Advanced Limited Scope Audit Issues

Posted by Maria T. Hurd, CPA


Plans that obtain a valid limited scope certification for the completeness and accuracy of investment information from a regulated financial institution such as a bank, trust company, or insurance company, can instruct their auditors to exclude investment information from the scope of their audit. In a limited scope audit, the auditor is still required to test all significant audit areas, such as contributions, benefit payments, participant loan processing, hardship distributions, participant data, eligibility to all plan features, and payroll. The extent of the audit procedures applied to each plan feature will vary from plan to plan, depending on the risk level assessed by the auditor using walk-through procedures for the plan processes, and examination of SOC 1 reports on the effectiveness of controls at service organizations.

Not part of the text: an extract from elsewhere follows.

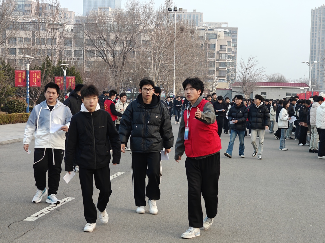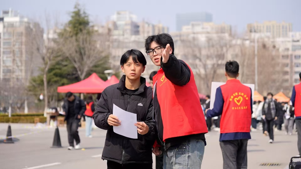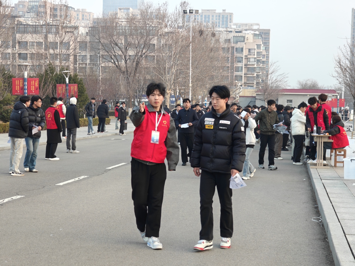 太阳才刚刚升起,志愿者们便抵达考点,迅速投入到准备工作中。在考生们陆续抵达并进入考场期间,志愿者们积极引导考生前往考场,为他们指明路线,并送上鼓励的话语,帮助他们缓解紧张情绪。考场内外,身着红马甲的志愿者已驻守考场,从物品寄存、安检引导到考场指引,他们以专业态度为考生筑起“爱心通道”。面对突发状况,志愿者们更展现出敏捷的应变能力——一名考生考试完毕丢失身份证,志愿者迅速陪同并和物品寄存处联系从而找到丢失证件;考生对学校考场分布不熟悉,志愿者第一时间发现,主动上前细心询问并给予讲解和引导

Can authorized representatives of a regulated institution issue the certification?

DOL Reg. 2520.103-5(d)(1) provides that a limited scope certification must be signed by a person authorized to represent the insurance carrier, bank, or trust company. Each plan sponsor must determine, with the help of their auditor, whether entities issuing limited scope certifications on behalf of the regulated institutions are authorized to represent the eligible entities for this purpose. In our experience, recordkeepers that issue limited scope certifications under an agency relationship with a trustee or custodian can provide an explicit statement of authority from the regulated institution as part of the certification.

Must an auditor rely on a limited scope certification if instructed by the plan sponsor?

With the increasing complexity of investments held by retirement plans, many custodians or trustees that do not provide valuation services for hard-to-value investments will certify as to the best information available to them, which may not represent fair value at year end. For this reason, auditors cannot blindly accept a limited scope certification without performing some due diligence regarding certification process for investments without a readily determinable fair market value. When auditors determine that the certified values do not represent fair value, they cannot exclude those values from the scope of the audit, since in that case, the certification would not constitute an appropriate basis for limiting the scope of the audit.

For investments properly covered by a valid limited scope certification, the auditor has no responsibility to test the accuracy or completeness of investment information, obtain an understanding of internal controls maintained by the certifying institution over investments held and investment transactions executed for the plan, or assess control risk associated with asset valuation and investment earnings. For investments excluded from the limited scope certification, the auditor must apply audit procedures to ensure that the fair value is in conformity with U.S. Generally Accepted Accounting Principles (GAAP) as promulgated by the Financial Accounting Standards Board (FASB).